モンベル、被災地支援に「アウトドアの知恵」 約30年の積み重ねを生かす
能登半島地震においても自社製品だけでなく、さまざまな企業の協力を得た。新富士バーナーのアウトドア用ガスバーナー、永谷園フーズの食品、味覚糖の菓子など支援物資の提供を受け、被災地に届けている。
ただ、災害によって被災状況が異なるため、予定通りにいかないことも多い。能登半島の独特の地形が支援の手を阻み、いまだ救済、復旧作業が遅れている。発災直後は羽咋市の前線からでも被災地の珠洲市まで片道約6時間、輪島市まで約4時間かかった。「私たちは緊急車両扱いで入ることはできたが、道路状況がかなり悪く、混んでいたので活動時間のロスはあった。現在は仮設トイレが設置されたり、2次避難所に移動したり支援の体制が整ってきているが、発災直後に行政の支援が行き届いていないときにスピーディーに確実に困っている方に物資を届けるのが、アウトドア義援隊の目的」と、大塚氏は話す。
野外活動の経験がいざというとき役立つ
能登半島は、同社が推進協議会を立ち上げて全国の自治体と取り組むジャパンエコトラックに賛同し、ルート設定したエリアのひとつ。
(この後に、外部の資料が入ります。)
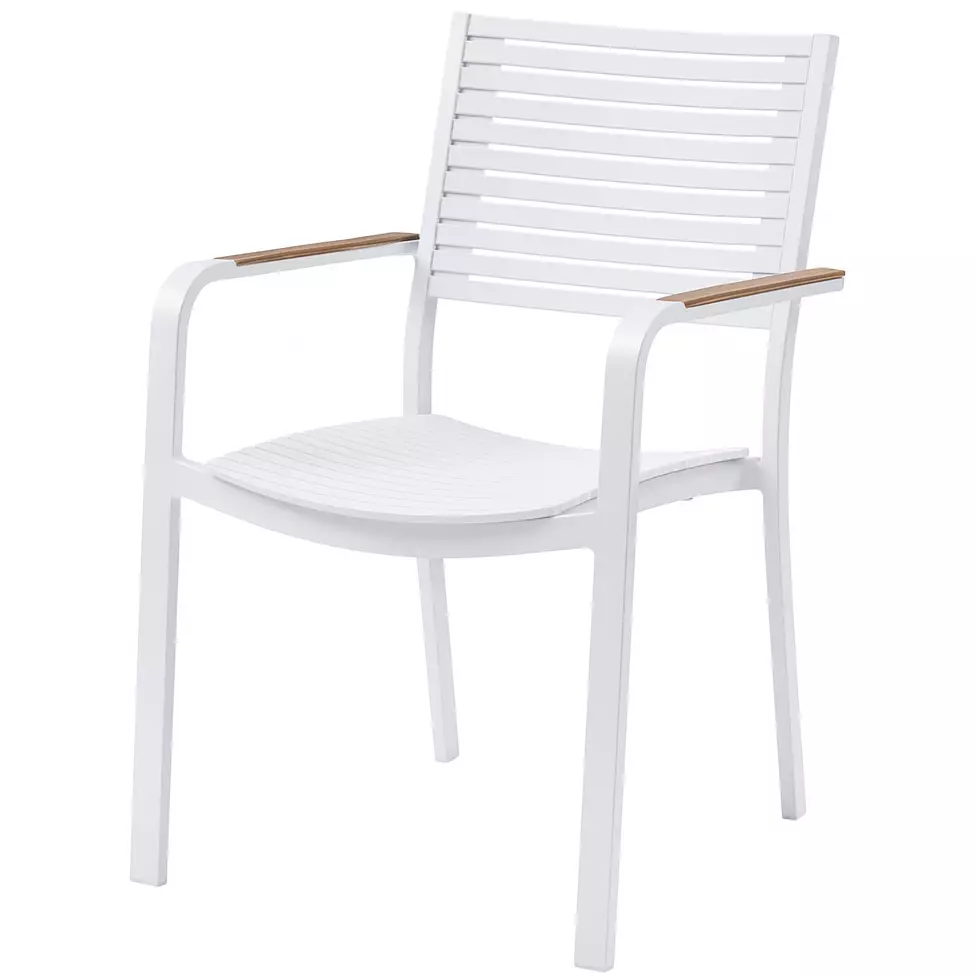 Käsinojien puujäljitelmä tuo lämpöä moderniin valkoiseen runkoon ja antaa hienostuneen viimeistelyn puutarhatuolille. Terassituoli on helppo yhdistää valkoisen tai puunvärisen pöydän kanssa.

豊かな自然の中を自転車やトレッキング、カヤックなど人力による移動手段で楽しみながら旅しようというもので、道標を立てたりして思い入れがある土地だ。「棚田や見附島など地震や津波のせいで情緒ある景色が変わってしまったのが残念」と大塚氏。アウトドア義援隊の現地での活動は4次隊で一旦終了するが、今後は提携する自治体に災害援助金を贈るなど復興支援へと移行する。
同社は、公式ホームページ内で「暮らしの中の防災」をテーマに、防災に関する知識と災害時に役立つアイテムを紹介している。水害時にライフジャケットになるクッションやフリーズドライ製法の非常食などは、地震発生時から注文が増えているという。
大塚氏は「キャンプや山登りなどで日常生活とは異なる環境に慣れておけば、災害が起きたときに対応できる。低い山でもいいし、野外活動を体験しておくだけで全然違う」と、普段からアウトドアを楽しむことの大切さを呼びかけている。